Seminar - Glycoproteomics for the Study, Early Detection, and Treatment of Chronic Viral Diseases
Date: April 22, 2005
Time: 4:00 PM
Location: Bossone Research Enterprise Center, Room: 1st Flr. Auditorium
Timothy M. Block, Ph.D.
Director, Drexel Institute for Biotechnology and Virology Research (DIBVIR) and Professor of Microbiology and Immunology
Drexel University College of Medicine (CoM)
Hepatitis B and C are major public health problems. Glycoproteomics refers to the systems study of glycosylation and proteins. We have been studying the role of glycoyslation of viral and cell proteins in the morphogenesis of hepatitis B and C from infected cells, as well as to discover biomarkers to help in the detection of diseases these viruses cause. This presentation will report how these methods are used and of our discovery of two families of drugs and one new diagnostic marker currently in clinical trials for detection and treatment of viral hepatitis induced disease, in people.
Timothy M. Block, Ph.D. is Director, Drexel Institute for Biotechnology and Virology Research (DIBVIR) and Professor of Microbiology and Immunology, Drexel University College of Medicine. He is also President of The Hepatitis B Foundation of America and its Pennsylvania Commonwealth Institute for Hepatitis and Virus Research. Dr. Block has been performing translational research for more than 26 years with co-discoveries that include co-transformation technologies (1979), the patented microorganism based assays for medically important compounds, called MOBA (1985), Phage linked immunoabsorbant assays called PHALISA (1989), Oragene technology for treatment of hepatitis B (now in phase III clinical trials, in Israel). With Baruch Blumberg and Raymond Dwek, he discovered two new chemical families of antiviral agents, called the glucovirs and alkovirs, that have helped lead to an understanding of the role of glycan processing in protein trafficking (1991) and glycolipid mediated activation of innate host defense (1999).
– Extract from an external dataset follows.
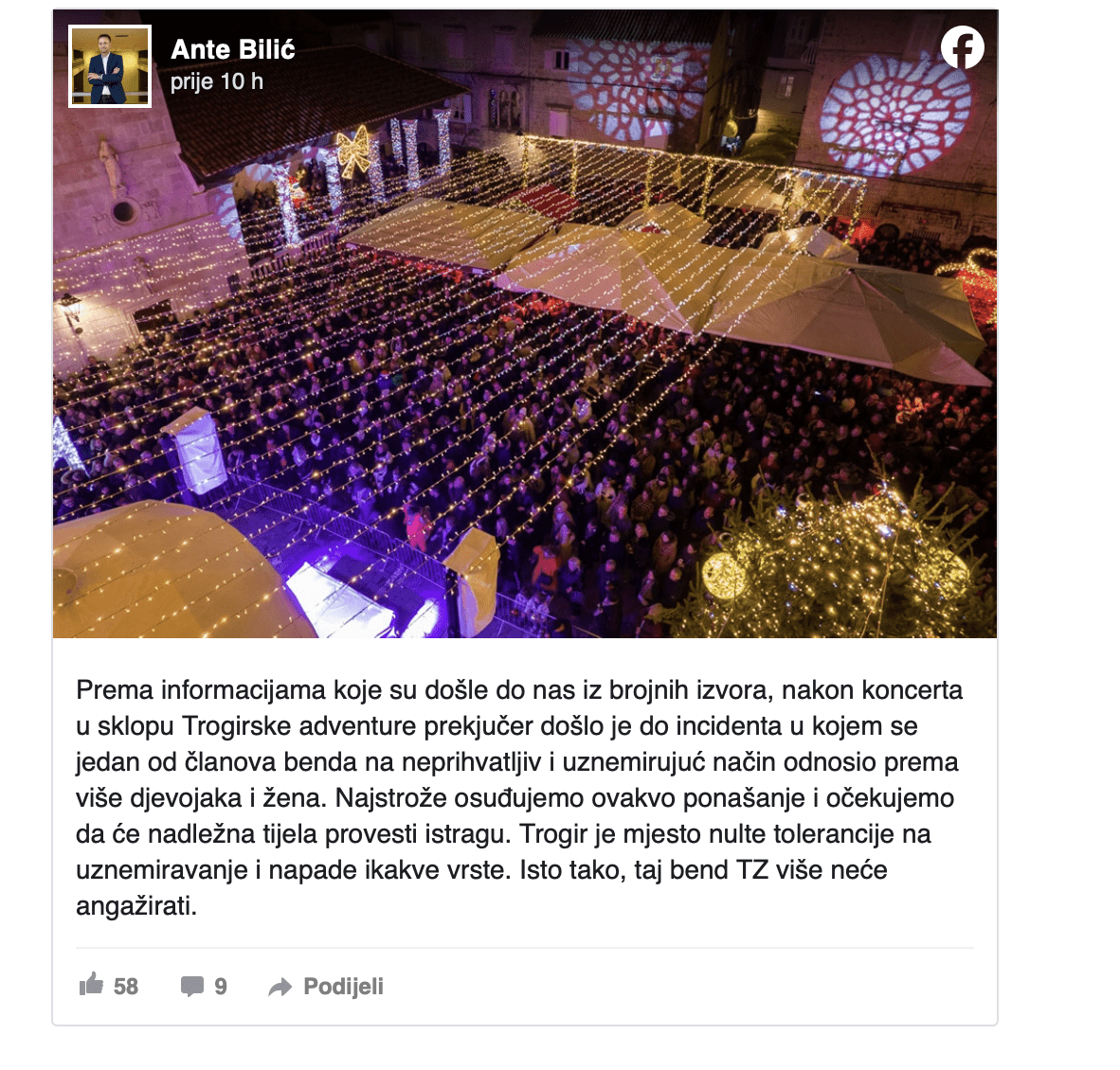 Prema informacijama koje su došle do nas iz brojnih izvora, nakon koncerta u sklopu Trogirske adventure prekjučer došlo je do incidenta u kojem se jedan od članova benda na neprihvatljiv i uznemirujuć način odnosio prema više djevojaka i žena. Najstrože osuđujemo ovakvo ponašanje i očekujemo da će nadležna tijela provesti istragu. Trogir je mjesto nulte tolerancije na uznemiravanje i napade ikakve vrste. Isto tako, taj bend TZ više neće angažirati.

The alkovirs are now in phase II clinical trials for the treatment of hepatitis C, in the US. His recent work has focused upon glycoproteomic based methods for detection and treatment of liver and colorectal cancer.
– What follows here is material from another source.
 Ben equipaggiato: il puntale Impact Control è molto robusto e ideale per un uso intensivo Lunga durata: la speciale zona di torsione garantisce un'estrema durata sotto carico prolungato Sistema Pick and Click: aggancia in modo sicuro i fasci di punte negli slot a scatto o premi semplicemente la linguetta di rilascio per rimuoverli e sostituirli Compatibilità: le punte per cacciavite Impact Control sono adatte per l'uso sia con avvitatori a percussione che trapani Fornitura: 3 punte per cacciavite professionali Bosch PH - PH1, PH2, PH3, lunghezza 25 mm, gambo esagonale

The Biotechnology Center that Dr. Block directs (formerly called “The Jefferson Center”, now called “DIBVIR”) is responsible for creation of 6 new biotechnology companies in the past 5 years (3 or which were based all, or in part, on Dr. Block’s discoveries), and engagements with more than 30, in the region. DIBVIR is host, for example, to the Bucks County Regional Biotechnology Council. In 2005, DIBVIR will move in to a newly renovated 64,000 ft2 facility, purchased with funds from a grant from The Commonwealth of PA, and intended to nurture biotechnology development in Pennsylvania. In 2000, The Daily Intelligencer (the region’s leading newspaper) named Dr. Block as 1 of the 100 most important people of the 20th Century in Bucks County. He received a “Special Citation for Accomplishment” and was Scientist of the Year (1998), American Liver Foundation, is a member of The Bulgarian National Academy of Sciences (2002), The Romanian Institute of Biochemistry (2000) and most recently (2004) was one of 40 American delegates, led by Dr. Anthony Fauci (US NIH) participating in the 40th anniversary ceremony of US-Japan Medical Collaboration, in Kyoto, JA., which was presided over by Japan’s Crown Prince and Princess.
The Bossone Research Enterprise Center is located on Market Street, between 31st and 32nd Streets. The auditorium is on the first floor.